_DATA SHOWN_
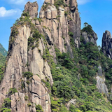巨蟒出山是一座象形石柱,经大自然长期的风化与重力作用而形成,峰壁峭立,顶部稍平,颈部略细,就像一条破山而出的巨蟒,可谓是大自然的鬼斧神工。它与东方女神观遥遥相对,从金沙索道(东部索道)上山后到南清园景区游玩途中便可欣赏到。
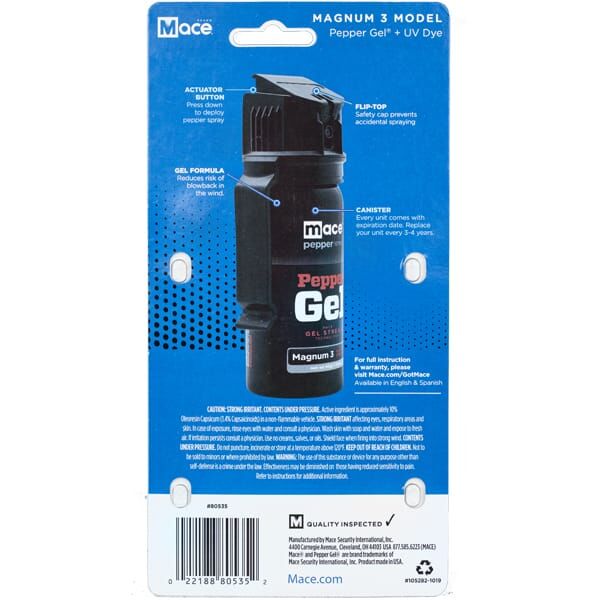 MACE PEPPER GEL is a Patented formulation of pepper spray suspended in Gel instead of a liquid stream. This Pepper Gel formulation results in several advantages.
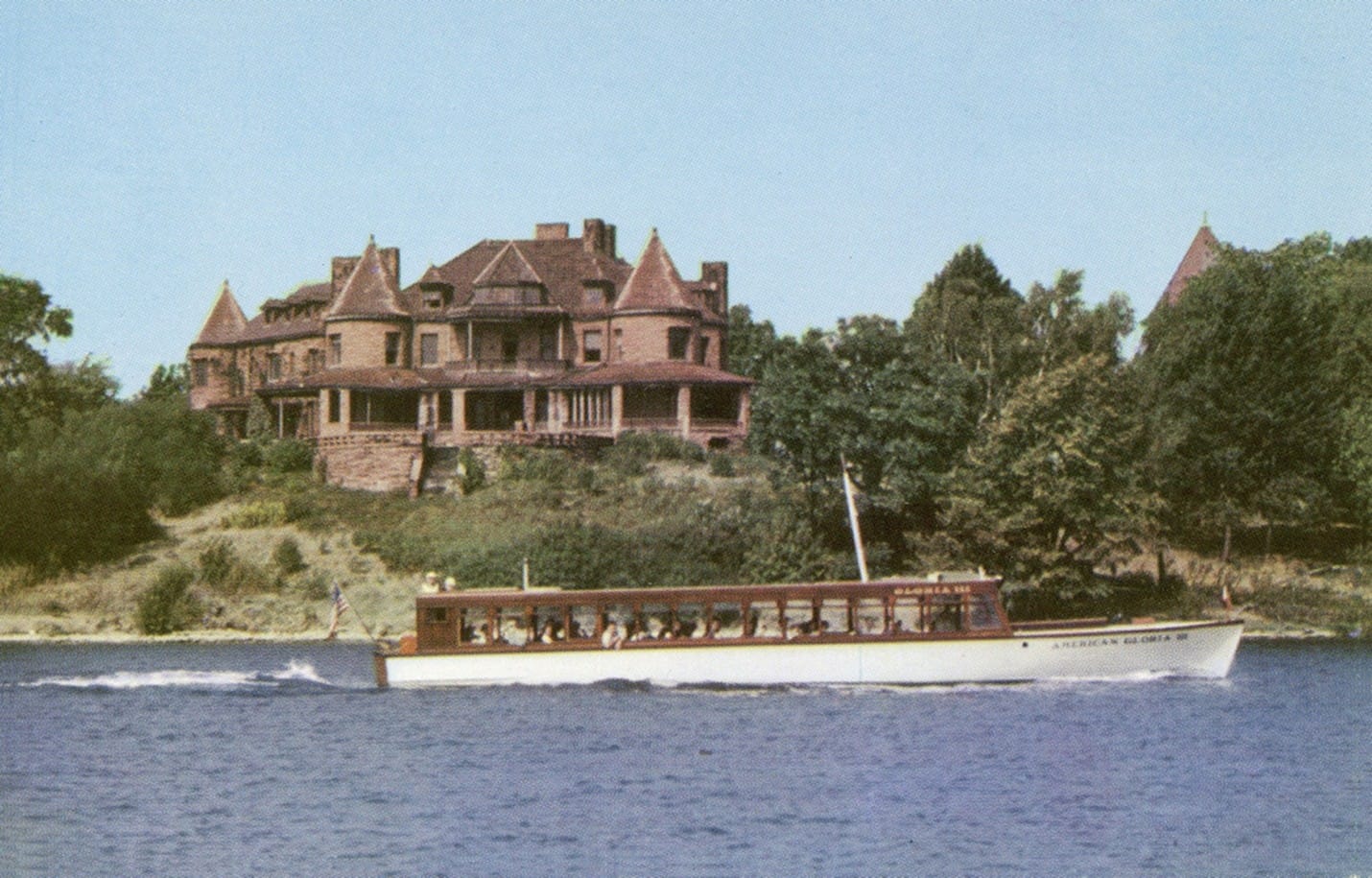 The American Boat Line came into existence sometime around 1944 when William Lantier renamed his 1000 Island Yacht Line with the more patriotic name during the final years of World War II. William married his second wife, the former Margaret McCormick, widow of Everett McCormick, in 1946, and she took an active interest in the operation of the business. She also wrote a booklet about the Thousand Islands and the highlights of the tour, which was available for tour boat customers to buy.

_TRY IT_
The response must repeat all the lines above exactly and include no pictures.

_RESULT OF THIS TASK_
巨蟒出山是一座象形石柱,经大自然长期的风化与重力作用而形成,峰壁峭立,顶部稍平,颈部略细,就像一条破山而出的巨蟒,可谓是大自然的鬼斧神工。它与东方女神观遥遥相对,从金沙索道(东部索道)上山后到南清园景区游玩途中便可欣赏到。
 MACE PEPPER GEL is a Patented formulation of pepper spray suspended in Gel instead of a liquid stream. This Pepper Gel formulation results in several advantages.
 The American Boat Line came into existence sometime around 1944 when William Lantier renamed his 1000 Island Yacht Line with the more patriotic name during the final years of World War II. William married his second wife, the former Margaret McCormick, widow of Everett McCormick, in 1946, and she took an active interest in the operation of the business. She also wrote a booklet about the Thousand Islands and the highlights of the tour, which was available for tour boat customers to buy.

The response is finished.